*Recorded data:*

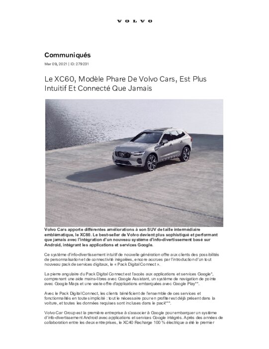 Volvo Cars apporte différentes améliorations à son SUV de taille intermédiaire emblématique, le XC60. Le best-seller de Volvo devient plus sophistiqué et performant que jamais avec l’intégration d’un nouveau système d’info-divertissement basé sur Android, intégrant les applications et services Google.
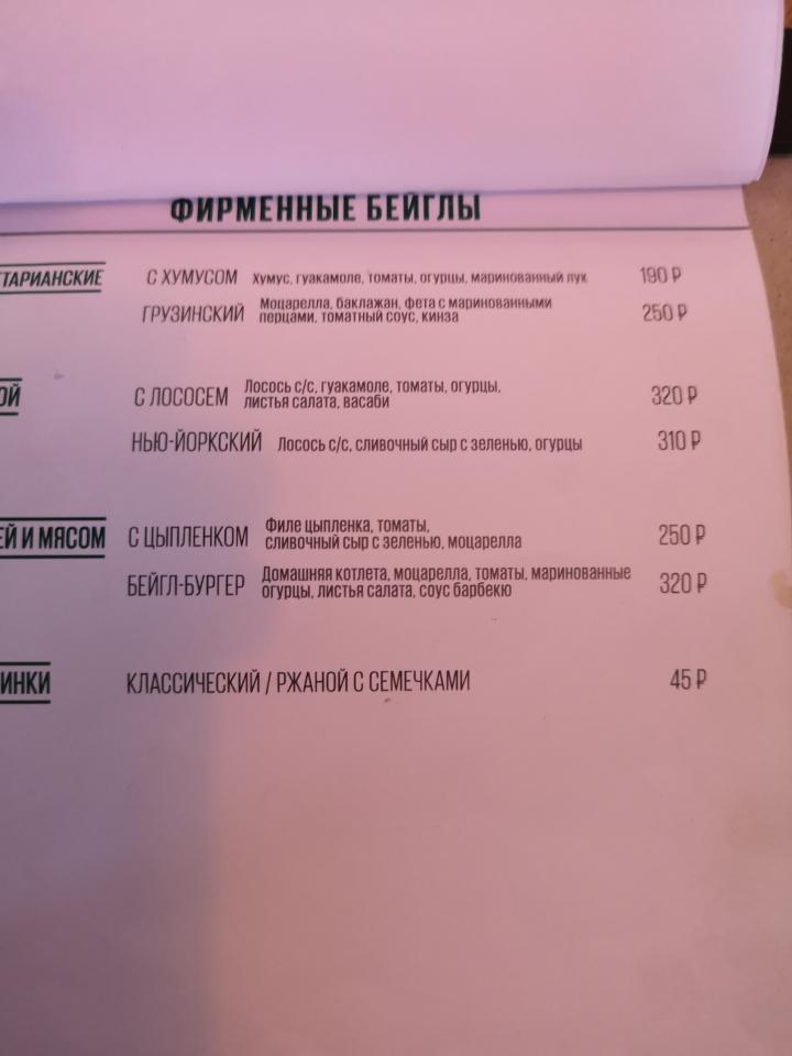 Фишка данного кафе - т.наз. "бейглы". Фактически это сэндвичи с разными начинками, приготовленные на основе своеобразных бубликов.
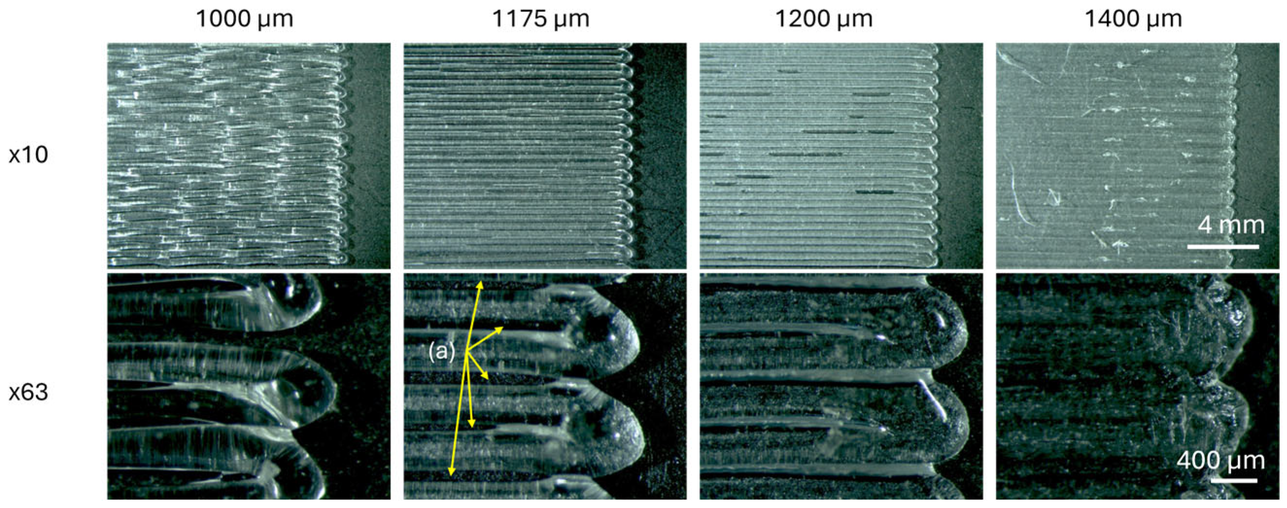 For the first-layer calibration, it is typically desired that the distance between the nozzle and the bed produces a compact first layer with minimal gaps between filaments. In Figure 8, examples of the first layers produced for different parameter z values are shown. From these images, note that a typical first layer would be printed at a parameter z of −1400 µm, as it has no gaps between the filaments.
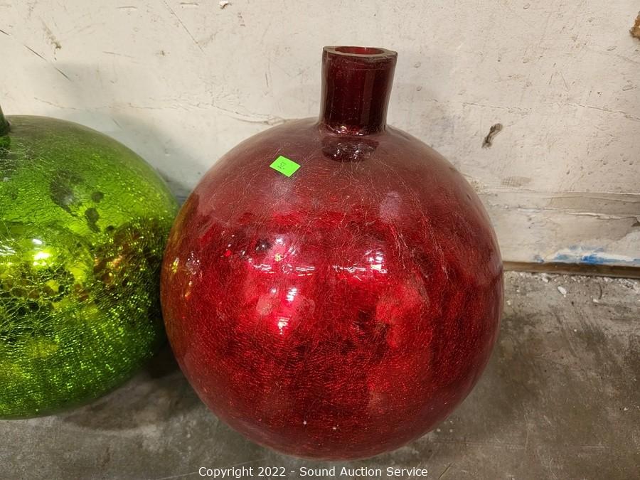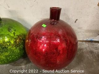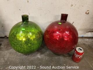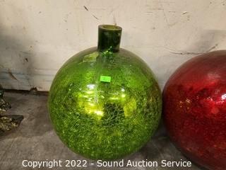 Lot #0052: Green & Red Crackle Glass 12" Gazing Balls
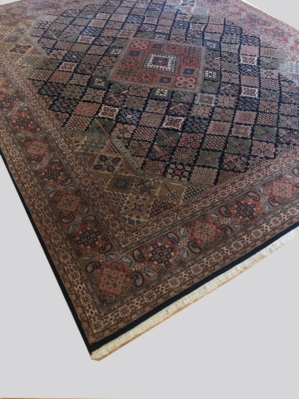 The dark navy field is arranged with a richly detailed grid of miniature floral panels and boteh motifs in soft rose, ivory, sage, and pale blue, centred by a square medallion. The intricately patterned border includes scrolling palmettes and rosettes on a muted terracotta ground, enclosed by floral guard stripes.
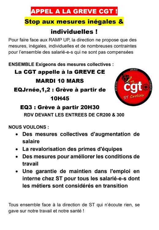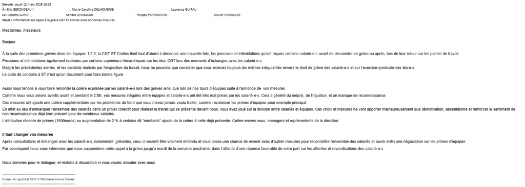 Grosse journée de grève surtout en manufacturing qui a été suivie par les équipes 1, 2 et 3 ce mardi 10 mars 2026 sur le site de Crolles (dans certaines équipes la moitié des CDI sont sortis).
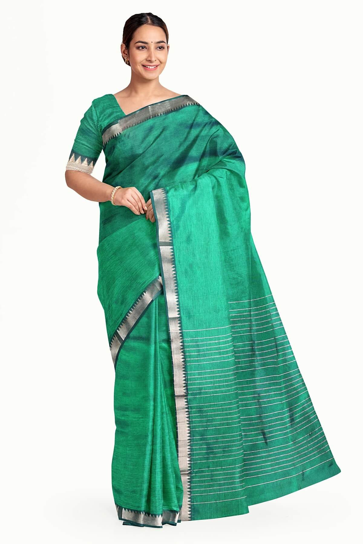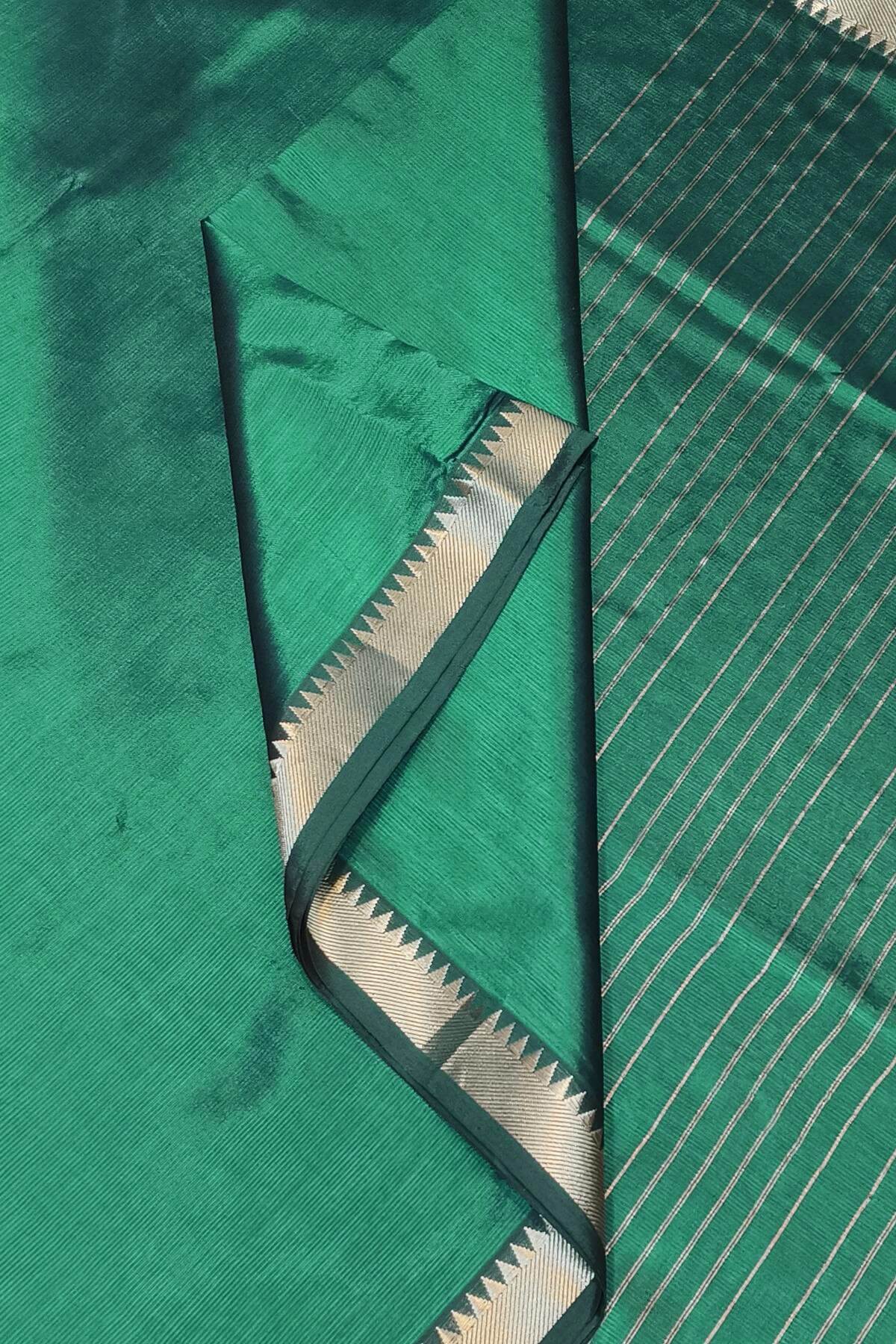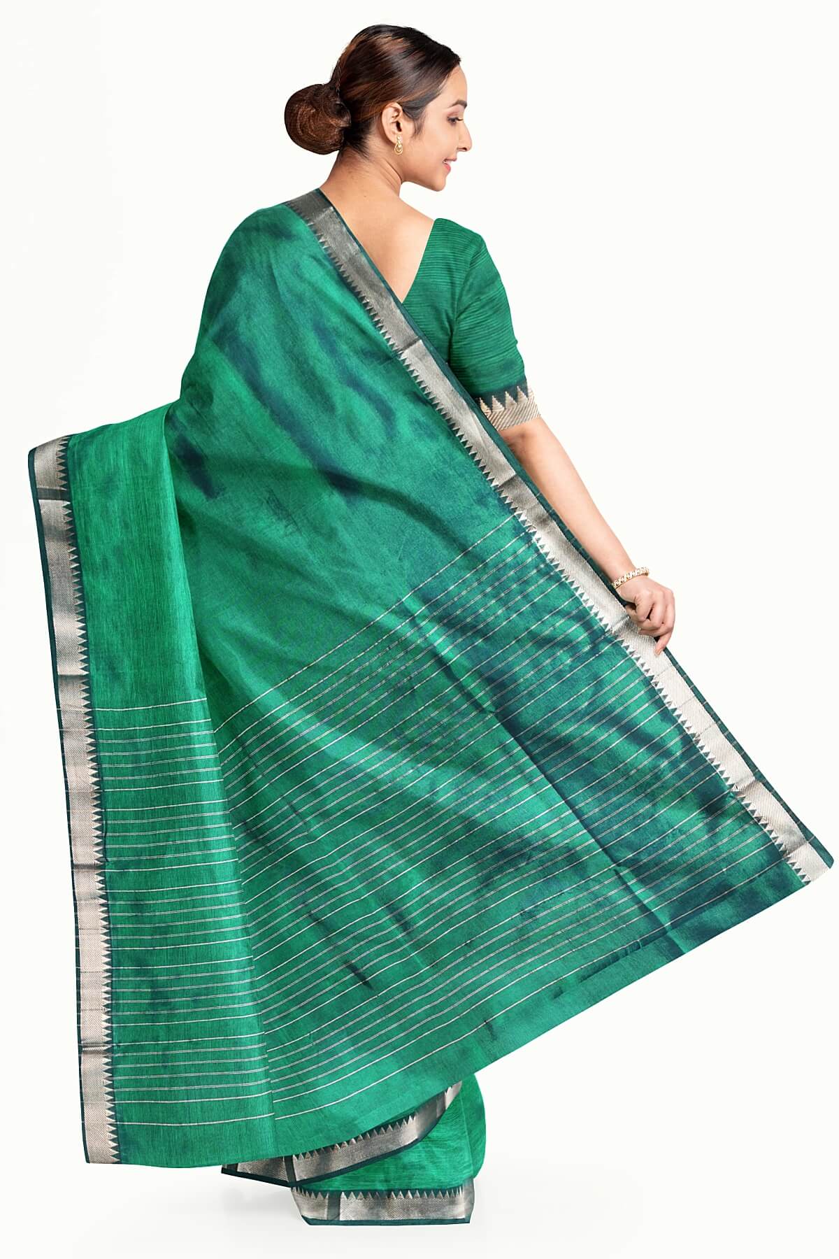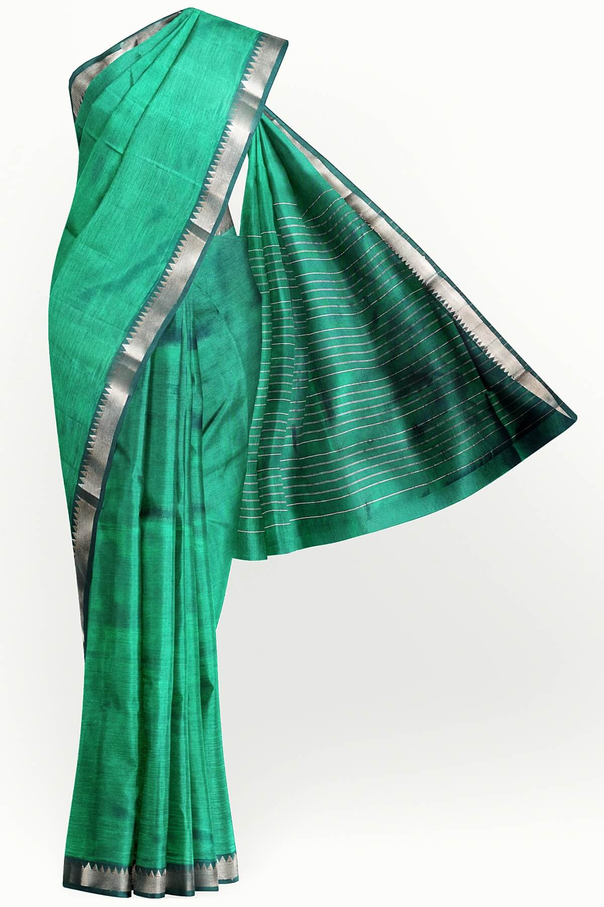 Description: Mangalgiri silk cotton saree in peacock green with silver border

*Your task:* Begin at the line with "Фишка данного кафе" and end at the last line of the data above. Reproduce those lines exactly, but not the pictures.

*Response to this task:*
 Фишка данного кафе - т.наз. "бейглы". Фактически это сэндвичи с разными начинками, приготовленные на основе своеобразных бубликов.
 For the first-layer calibration, it is typically desired that the distance between the nozzle and the bed produces a compact first layer with minimal gaps between filaments. In Figure 8, examples of the first layers produced for different parameter z values are shown. From these images, note that a typical first layer would be printed at a parameter z of −1400 µm, as it has no gaps between the filaments.
 Lot #0052: Green & Red Crackle Glass 12" Gazing Balls
 The dark navy field is arranged with a richly detailed grid of miniature floral panels and boteh motifs in soft rose, ivory, sage, and pale blue, centred by a square medallion. The intricately patterned border includes scrolling palmettes and rosettes on a muted terracotta ground, enclosed by floral guard stripes.
 Grosse journée de grève surtout en manufacturing qui a été suivie par les équipes 1, 2 et 3 ce mardi 10 mars 2026 sur le site de Crolles (dans certaines équipes la moitié des CDI sont sortis).
 Description: Mangalgiri silk cotton saree in peacock green with silver border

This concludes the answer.